Although, the Supreme Court as observed above, has already drawn a distinction of amendment in the plaint and also of written-statement but at the same time, this Court has to see whether the amendment sought by the defendant/petitioner in the written-statement if causing any prejudice to the plaintiff, the same cannot be allowed.

15. Here in this case, when plaintiff's evidence is over, the defendant by way of amendment in the written-statement came up with a new stand and also introducing some partition which was never there in the written-statement when plaintiff was recording his statement. That partition was never discussed neither by the plaintiff nor by the defendant but only after evidence recorded and concluded by the plaintiff on his side, the defendant/respondent No.1 moved an application for amendment. Although, counsel for the petitioner/defendant has tried to establish that the amendment which is being sought cannot be considered to be

withdrawal of admission and, therefore, the said amendment could not have been refused but in my opinion, introducing a new stand and the fact which was not there in the mind of the plaintiff when his evidence was recorded and he had no opportunity to get his written-statement recorded considering the stand of the defendant and if amendment is allowed then the same would cause prejudice to the plaintiff and as such, that amendment cannot be allowed because it is nothing but introduction of new stand of the defendant. Therefore, in my opinion, nothing wrong has been committed by the trial Court in rejecting the application and not allowing the defendant/petitioner to take a new stand at the stage when evidence of the plaintiff was already over.

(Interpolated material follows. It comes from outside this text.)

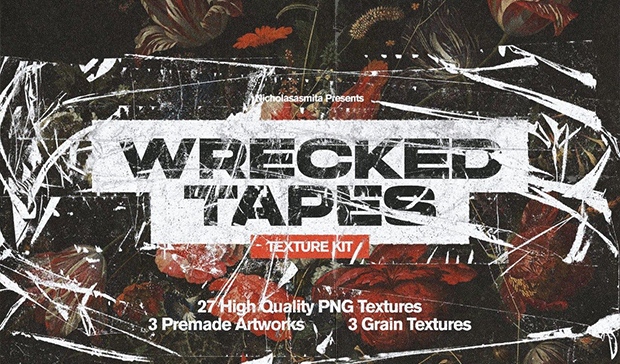 Simple yet remarkable materials — that’s the ingredient to enhance the audacity on your artboard. This archive contains 3 premade PSD artworks (A4 format, print-ready), 27 high-quality plastic tape textures and 3 grain textures in PNG format.

16. Thus, in my opinion, the trial Court has rightly rejected the application. It is a suit of 2009 and the trial Court has rejected the application on the ground of delay but that was not the sole ground and rejection of application for amendment is also on the ground that amendment if allowed, would amount to withdrawal of admission and as such, the trial Court did not commit any patent illegality and irregularity in rejecting the application. The submission made by counsel for the petitioner, in my opinion, does not have any substance and there is nothing contrary to the law laid down by the trial Court as has been observed by the Supreme Court in case of LIC of India (supra). The petition being without any substance, is hereby dismissed.

17. However, the trial Court is directed that looking to the nature of suit and the fact that it has been filed in 2009, the same shall be concluded expeditiously, preferably within a period of six months.